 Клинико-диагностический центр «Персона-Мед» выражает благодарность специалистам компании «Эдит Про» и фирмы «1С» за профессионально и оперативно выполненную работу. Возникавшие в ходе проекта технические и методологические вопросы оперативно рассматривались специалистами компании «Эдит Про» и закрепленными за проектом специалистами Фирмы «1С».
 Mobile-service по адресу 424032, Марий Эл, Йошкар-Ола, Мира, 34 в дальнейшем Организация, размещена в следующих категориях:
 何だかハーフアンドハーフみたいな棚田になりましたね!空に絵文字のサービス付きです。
───
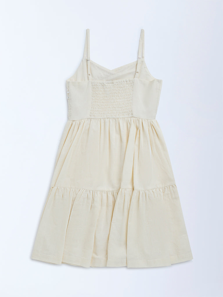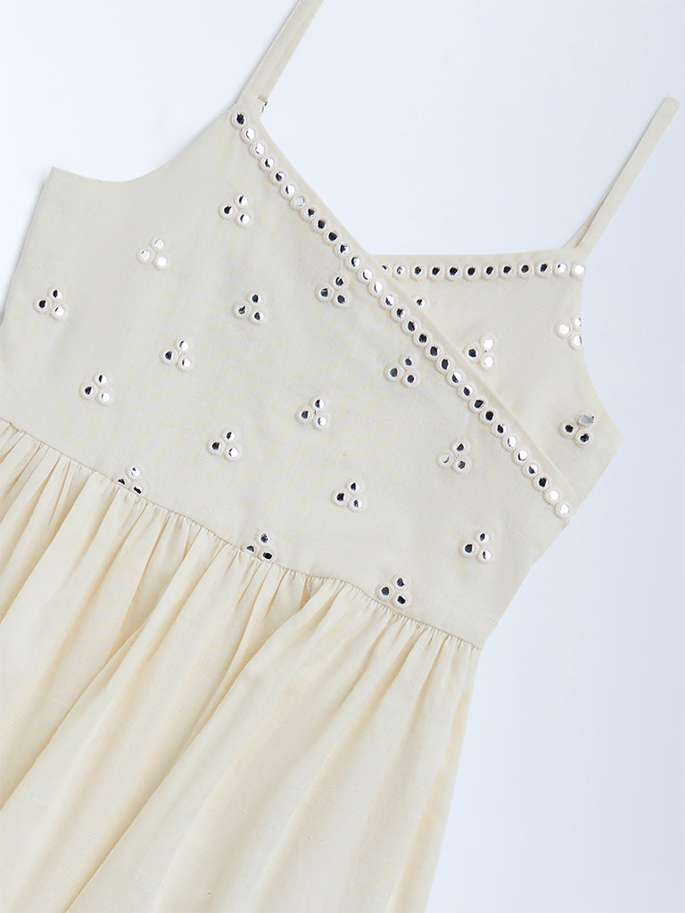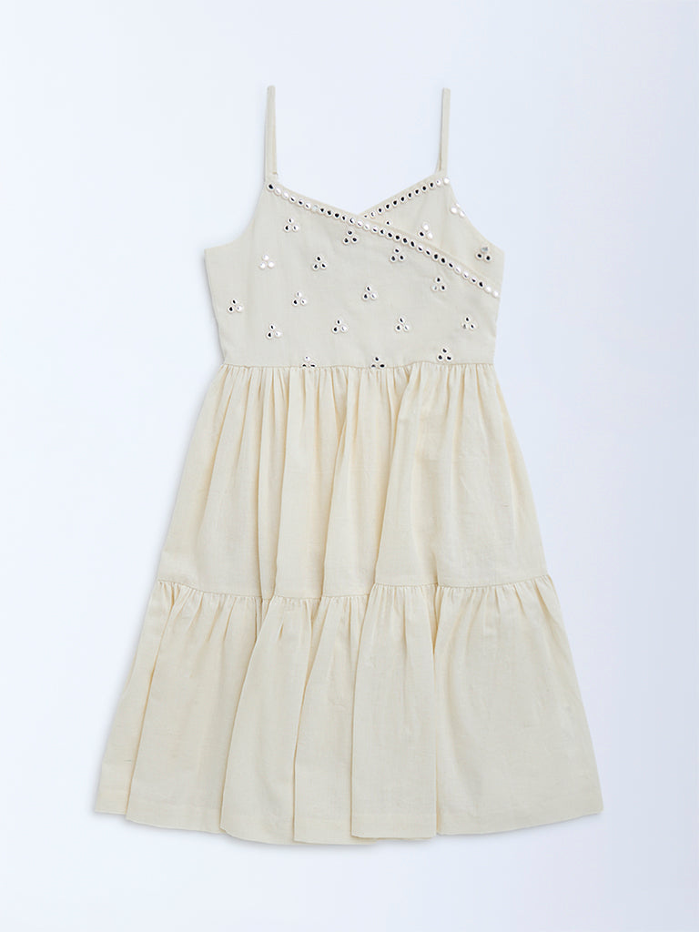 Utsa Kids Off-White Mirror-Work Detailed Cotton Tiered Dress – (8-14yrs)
───
* Brief: What do the lines above say from the one containing "Mobile-service по адресу" down to the one containing "何だかハーフアンドハーフみた"? Return them exactly, both end lines included, and only them.

* Answer for the task:
 Mobile-service по адресу 424032, Марий Эл, Йошкар-Ола, Мира, 34 в дальнейшем Организация, размещена в следующих категориях:
 何だかハーフアンドハーフみたいな棚田になりましたね!空に絵文字のサービス付きです。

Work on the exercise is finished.